Sustainable silica microcapsules for agrochemical applications

Polymer microcapsules have been widely used to deliver agrochemical actives for crop protection but are now regarded as microplastic pollutants. In this Thesis, alternative inorganic microcapsules have been developed to address this environmental problem. Silica was identified as a suitable microcapsule material owing to its low cost and benign environmental profile. First, silica deposition onto micron-sized latex particles using the well-known Stöber silica process was optimised with the aid of an adsorbed layer of chitosan. This model system was chosen to understand the problem of secondary nucleation, but the ethanol-rich nature of the reaction milieu made it unsuitable for microcapsule syntheses. Next, chitosan and hydroxypropyl cellulose (HPC) were used as dual emulsifiers to stabilise a series of oil-in-water emulsions, which were characterised in terms of their mean droplet diameter and electrophoretic behaviour. Various parameters (emulsifier concentration, stirring rate, chitosan/HPC mass ratio, solution pH etc.) were systematically optimised to obtain relatively stable emulsions comprising oil droplets of 5-10 µm diameter.

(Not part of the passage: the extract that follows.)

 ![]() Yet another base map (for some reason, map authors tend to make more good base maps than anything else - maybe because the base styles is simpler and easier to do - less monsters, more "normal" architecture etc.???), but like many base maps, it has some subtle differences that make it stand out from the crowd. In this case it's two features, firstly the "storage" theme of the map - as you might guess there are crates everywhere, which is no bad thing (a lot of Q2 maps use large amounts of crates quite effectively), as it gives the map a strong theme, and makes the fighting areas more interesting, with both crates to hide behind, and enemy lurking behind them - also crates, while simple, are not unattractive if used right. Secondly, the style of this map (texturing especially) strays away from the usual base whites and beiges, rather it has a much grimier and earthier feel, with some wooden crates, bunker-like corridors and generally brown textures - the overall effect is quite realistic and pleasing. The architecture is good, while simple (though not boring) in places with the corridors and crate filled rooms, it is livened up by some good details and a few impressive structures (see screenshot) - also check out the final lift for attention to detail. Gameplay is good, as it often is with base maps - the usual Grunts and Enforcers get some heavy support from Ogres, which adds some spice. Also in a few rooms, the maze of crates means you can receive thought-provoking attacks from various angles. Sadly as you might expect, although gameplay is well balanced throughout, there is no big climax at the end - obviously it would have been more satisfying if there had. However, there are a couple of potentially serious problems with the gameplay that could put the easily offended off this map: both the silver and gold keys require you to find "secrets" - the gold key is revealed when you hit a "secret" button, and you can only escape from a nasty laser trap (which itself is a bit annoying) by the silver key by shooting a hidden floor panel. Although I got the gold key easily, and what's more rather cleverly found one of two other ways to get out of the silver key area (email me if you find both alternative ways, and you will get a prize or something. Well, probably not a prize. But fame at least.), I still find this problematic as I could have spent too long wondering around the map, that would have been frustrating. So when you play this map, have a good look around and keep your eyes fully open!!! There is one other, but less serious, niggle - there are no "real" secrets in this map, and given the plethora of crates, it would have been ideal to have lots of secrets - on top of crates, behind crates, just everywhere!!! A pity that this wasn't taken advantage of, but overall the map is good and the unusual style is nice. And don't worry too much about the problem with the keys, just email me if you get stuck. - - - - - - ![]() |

Such oil droplets were coated with a thin overlayer of silica using two soluble silica precursors: tetraethyl orthosilicate (TEOS) and tetramethyl orthosilicate (TMOS). More specifically, TEOS was dissolved in the oil phase prior to emulsification, and TMOS was added to the aqueous phase immediately after emulsification. Various parameters were optimised to control silica deposition onto the oil droplets while varying the target silica shell thickness from 50 to 200 nm. The resulting silica microcapsules were characterised by optical microscopy, laser diffraction, scanning electron microscopy, aqueous electrophoresis, fluorescence microscopy and thermogravimetry. A UV spectroscopy assay was performed to assess the retention of sparingly water-soluble molecules within the microcapsules, revealing that these species were released within a few hours at 20 °C. The retention of the highly hydrophobic Nile Red dye was subsequently monitored by fluorescence microscopy, showing no signs of release over a period of months.